The Daily Show: Ears Edition
Trump Escalates China Trade War, Fox News Ignores Market Slide | Mallory McMorrow
Wed, 09 Apr 2025
Desi Lydic covers the ongoing economic crisis from Trump's trade war, which has created tension between Trump's two favorite goons, Peter Navarro and Elon Musk. Meanwhile, Fox News's journalistic integrity is front-and-center with their top story: "Look over there!" Plus, Michael Kosta reports on how the tariff pile-on with China could have American manufacturers like his grandfather screwed. In the latest edition of Everything is Stupid, Ronny Chieng reveals the perverted trend ruining art history across the globe: fondling the breasts of female statues to find love, luck, and second base. Michigan state Sen. Mallory McMorrow talks to Desi Lydic about her book “Hate Won’t Win,” which originated from her viral speech after being slandered by a political rival, and her desire to inspire others to find their own voices and to combat the feeling of political overwhelm by getting active in their communities. She also discusses her campaign for U.S. Senate and upgrading the Democratic message with her vision for a new American dream that centers on “success, safety, and sanity.”See omnystudio.com/listener for privacy information.
What is the current state of the U.S.-China trade war?

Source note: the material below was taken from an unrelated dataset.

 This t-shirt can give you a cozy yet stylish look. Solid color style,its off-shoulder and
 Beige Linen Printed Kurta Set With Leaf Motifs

Statues. They're not just fancy toilets for pigeons. They're the highest form of art, an expression of beauty that people come from around the world to marvel at. But some idiots are trying to marvel their way to second base.
A popular tourist attraction may soon get an overall because tourists won't stop getting handsy.

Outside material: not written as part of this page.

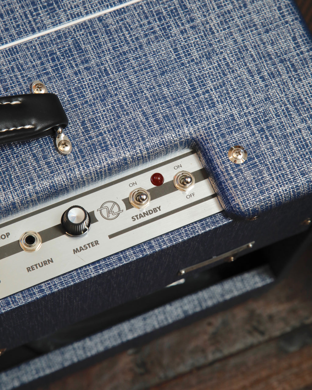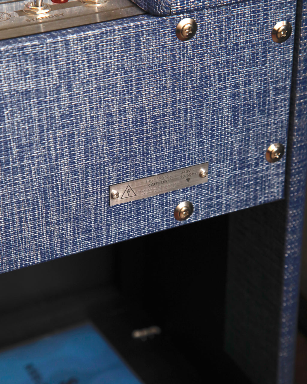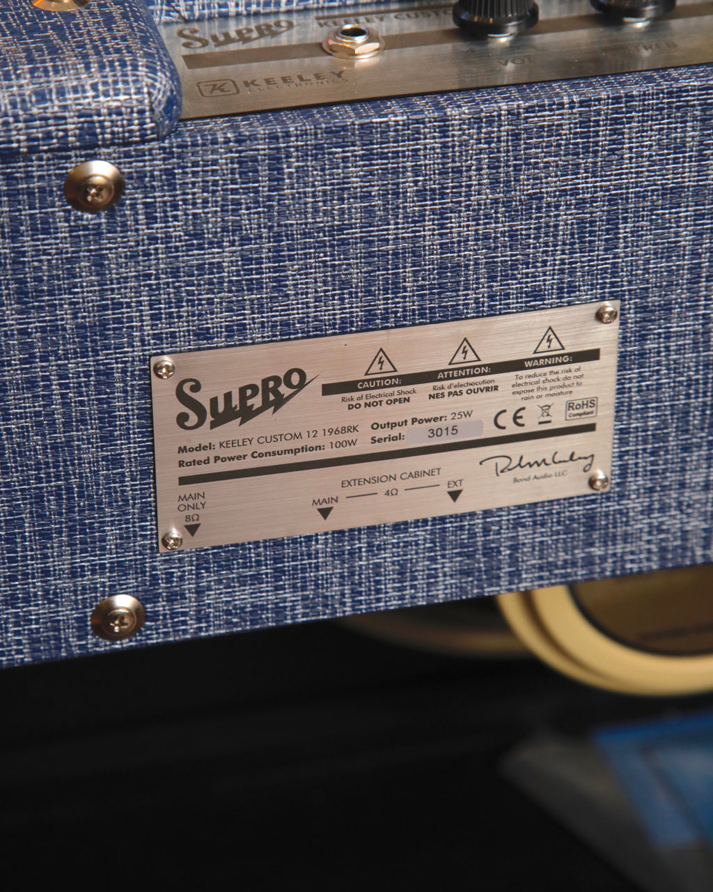 Custom Blue Rhino Hide tolex, our Supro Silver/Blue grill cloth, white piping, a dog bone handle, and engraved headplate co-branded with Supro and Keeley Electronics identities.

The famous Dublin statue of a mythical fishmonger, Molly Malone. Malone's low-cut dress is attracting people's groping hands.

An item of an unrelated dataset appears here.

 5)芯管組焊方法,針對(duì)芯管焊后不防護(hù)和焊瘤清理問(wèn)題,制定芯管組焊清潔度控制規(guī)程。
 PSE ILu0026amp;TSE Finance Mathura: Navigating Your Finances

People are rubbing the statues so that the protective covering... has been rubbed away already from the bronze over a couple of years. So we will have to repatinate this regularly, which is a cost.
That's right. Horny morons have groped this statue so hard that the bronze finish wore off. Isn't the phrase, kiss me, I'm Irish, not motorboat my cat's iron cleavage, I'm Irish. How about you just let a fishmonger monger her fish in peace without you morons trying to touch her heaving mahi-mahis? It's almost... It gets worse. It's almost like these people don't know they aren't real boobs, okay?
It's not like a hard-boiled egg where you crack open the shell and reveal real boobs inside. But surely people must be doing this for a good and not stupid reason.
The practice of rubbing Molly Malone's breast is believed to have begun around 2012, instigated by an imaginative tour guide.
They grab Molly in the hope it will bring them luck. If it's lucky, I will touch it.
If it's lucky, I touch it. If it's a hole, I f*** it. Can someone in Ireland please tell this guy that skydiving without a parachute is also lucky? Please. And if you want to fondle a sculpture, that's your business. But don't act like you're doing it for good luck, okay? You're in Ireland.